One can see that although very close, those 2 texts are somewhat different, from the punctuation marks.

### Different strategies can be undertaken to get around this difficulty

It is mandatory to compare the results of the model with the ground truth to assess the performance of the model.

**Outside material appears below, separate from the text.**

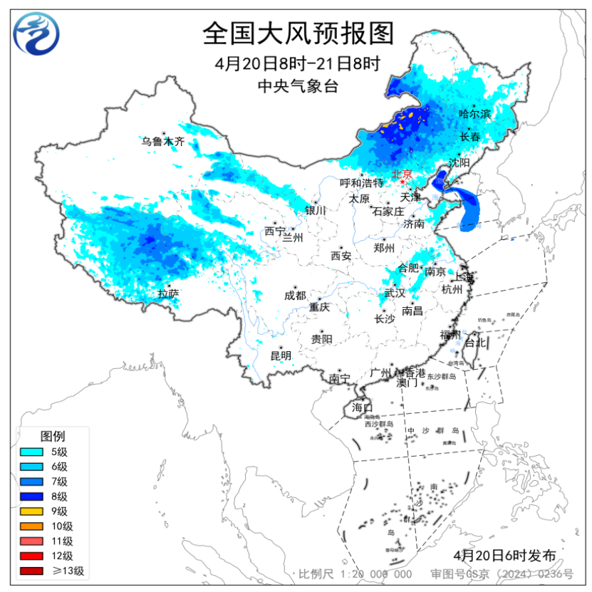 图1 全国强降雨落区预报图(4月20日08时-21日08时) (2)北方地区受冷空气影响有大风沙尘 20日,冷空气将继续影响我国,带来显著降温,东北地区中南部、黄淮、江汉、江南西部等地降温6~10℃,局地降温可达10℃以上。 预计,4月20日08时至21日08时,新疆沿天山地区和南疆盆地、西藏大部、青海大部、甘肃河西、内蒙古中东部、东北地区大部、河北北部、北京、天津、山东半岛、苏皖大部、湖北东部等地部分地区有5~7级风,阵风8~9级,其中新疆东部山口、西藏北部、内蒙古中部局地有8~9级风,阵风10级以上;渤海、渤海海峡、黄海北部海域、黄海中西部和西南部部分海域将有7~8级、阵风9级的大风(见图2)。中央气象台4月20日06时继续发布大风黄色预警。
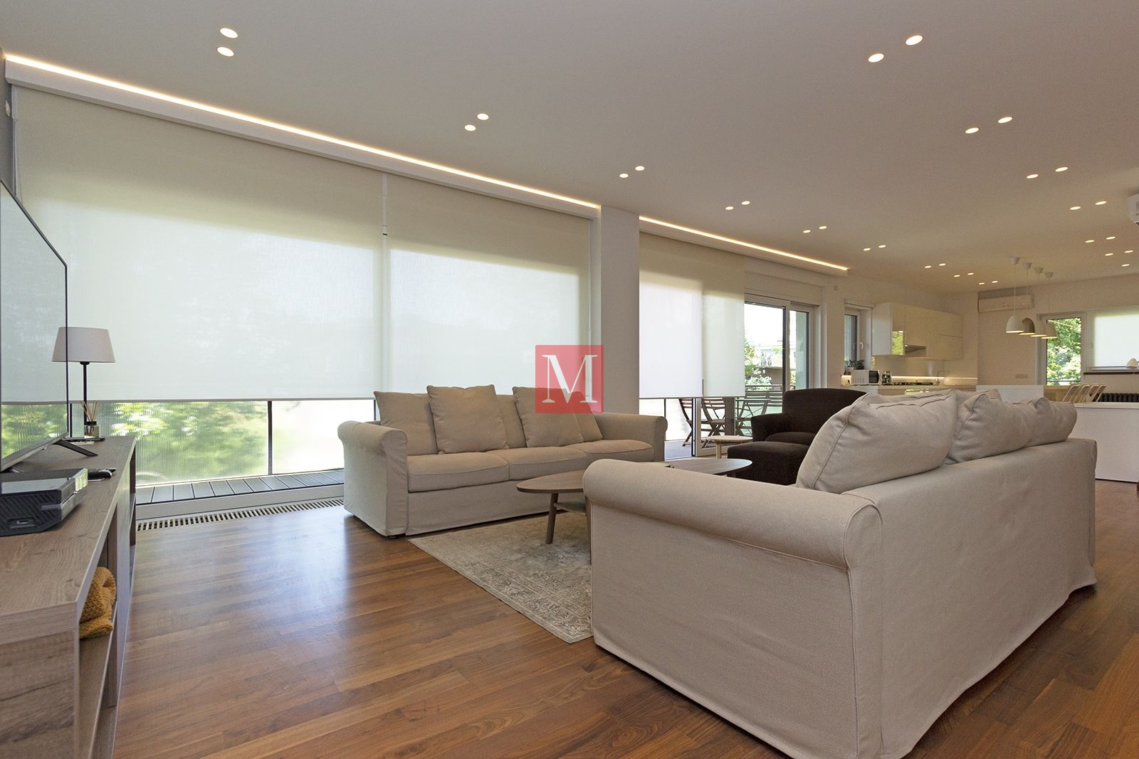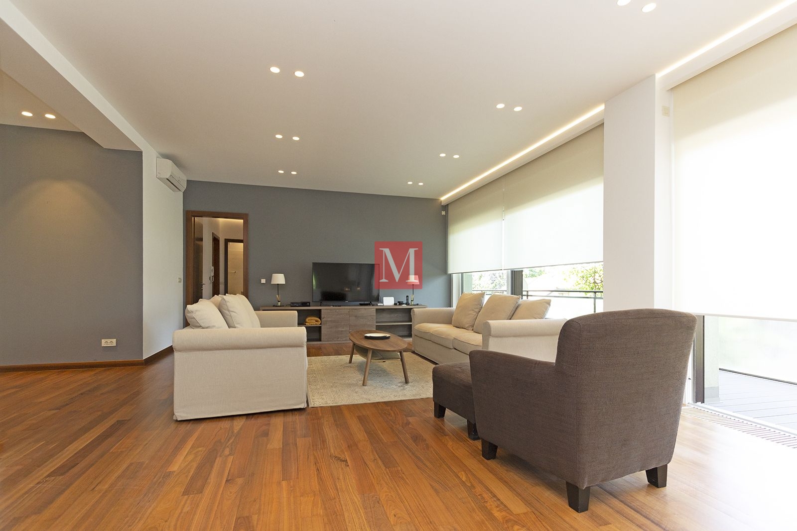 Sastoji se od ulaznog hola, prostranog i reprezentativnog dnevnog boravka sa blagovaonskim dijelom, kuhinjom i ostavom, velike terase od 38m2 sa koje se pruža predivan pogled, glavne spavaće sobe sa vlastitom kupaonicom sa tušem i kadom, 2 spavaće sobe koje dijele 1 kupaonicu sa tušem, radne sobe i još jedne kupaonice sa tušem.

Some workarounds can be set up:

- Ignoring all products that do not have a strict matching block in their pdf file:
    - This will enable for a simple validation process
    - But it might dramatically decreasing the size of our dataset
    - as well as making 'short ingredient list' product overrepresented
    
    
- Defining a softer way to match texts between pdf files and PIM system data **with some text preprocessing** and filtering products that do not have a matching block
    - This will mitigate the previous drawbacks
    - But will increase complexity
    
    
- Defining a softer way to match texts between pdf files and PIM system data **by computing an edition distance** and filtering products that do not have a matching block
    - This will mitigate the previous drawbacks
    - But will increase complexity, as well as requiring to manually set up a distance threshold.
    - This could also lead to have separate pdf file blocks considered ground truth should the threshold distance be too high
    
- Considering blocks n-grams 
    - This might increase the number of 

- Manually labeling some pdf files
    - The most efficient
    - But the most time-consuming too!


# 5. Comparison between PIM system *ground truth* with documents content

We can try to find the products for which the PIM system ingredient list is strictly equal to one of the pdf file blocks.

## 5.1 Retrieving all the blocks from our corpus

The function below enables to retrieve all the blocks as a pandas Series.

In [None]:
%%time
uid_list = list(requester._directory.index)
path_list = [os.path.join('.', 'dumps', 'prd', uid, 'FTF.pdf') for uid in uid_list]
path_series = pd.Series(path_list, index=uid_list)
blocks_series = PDFDecoder.threaded_paths_to_blocks(path_series)

In [None]:
blocks_series.rename('pdf_blocks', inplace=True)
blocks_series.index.rename('uid', inplace=True)
blocks_series

As it takes some time to run the pdf parsing on all the corpus, we save it in a csv.

In [None]:
import datetime
timestamp = datetime.datetime.now().strftime('%Y%m%d%H%M%S')
blocks_series.to_csv(os.path.join('.', 'dumps', 'prd', 'blocks_'+ timestamp + '.csv'), header=True)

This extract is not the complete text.